Fixed Solution 2 (Correct Median Calculation)

class Solution {
public:
    vector<double> medianSlidingWindow(vector<int>& nums, int k) {
        vector<double> medians;
        multiset<int> window(nums.begin(), nums.begin() + k);
        auto mid = next(window.begin(), k / 2);
        
        for (int i = k;; i++) {
            // Calculate median
            if (k % 2 == 1) {
                medians.push_back(*mid);
            } else {
                medians.push_back(((double)(*mid) + *prev(mid)) * 0.5);
            }
            
            if (i == nums.size())
                break;
            
            // Insert new element
            window.insert(nums[i]);
            if (nums[i] < *mid)
                mid--;
            
            // Remove element leaving window
            if (nums[i - k] <= *mid)
                mid++;
            
            window.erase(window.lower_bound(nums[i - k]));
        }
        
        return medians;
    }
};

Pattern Recognition

This problem demonstrates the Two-Heaps/Multisets Pattern:

  • Maintain two balanced collections (heaps or multisets)
  • One contains smaller half, other contains larger half
  • Median is easily accessible from the boundaries
  • Balance maintained after each insertion/deletion

Key Insight:

  • For median in sliding window, we need to:
    1. Maintain sorted order
    2. Efficiently add/remove elements
    3. Quickly access middle element(s)

Applications:

  • Finding median in data streams
  • Sliding window statistics
  • Order statistics in dynamic sets

Optimization Tips

Solution 1: Pre-allocate Result

vector<double> res;
res.reserve(nums.size() - k + 1);  // Pre-allocate space

Solution 2: Early Exit

if (k == 1) {
    return vector<double>(nums.begin(), nums.end());
}

Memory Optimization

Both solutions are already space-optimal.
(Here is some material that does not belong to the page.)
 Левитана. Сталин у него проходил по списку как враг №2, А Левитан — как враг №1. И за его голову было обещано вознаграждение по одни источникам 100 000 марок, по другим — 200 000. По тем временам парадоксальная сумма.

For very large k, consider using two priority queues instead of multisets (but then deletion becomes O(k) instead of O(log k)).
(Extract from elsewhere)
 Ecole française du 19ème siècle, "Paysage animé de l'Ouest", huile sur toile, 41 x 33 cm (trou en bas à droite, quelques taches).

Why Multiset Instead of Priority Queue?

Priority Queue (Heap):

  • ✅ Fast insertion: O(log n)
  • ❌ Slow deletion: O(n) - need to find and remove specific element
  • ❌ Can’t iterate - can’t access arbitrary elements

Multiset:

  • ✅ Fast insertion: O(log n)
  • ✅ Fast deletion: O(log n) - can find and remove specific element
  • ✅ Can iterate - can access any element via iterator
  • ✅ Maintains sorted order

For sliding window median, we need to remove specific elements, so multiset is the right choice.

Code Quality Notes

  1. Solution 1: More readable and maintainable
  2. Solution 2: More compact but requires careful iterator handling
  3. Error Handling: Both handle edge cases properly
  4. Performance: Both achieve optimal O(n log k) time complexity

This problem extends the sliding window pattern to find median instead of maximum. The two-heaps pattern (implemented with multisets) is essential for efficiently maintaining order statistics in dynamic sets.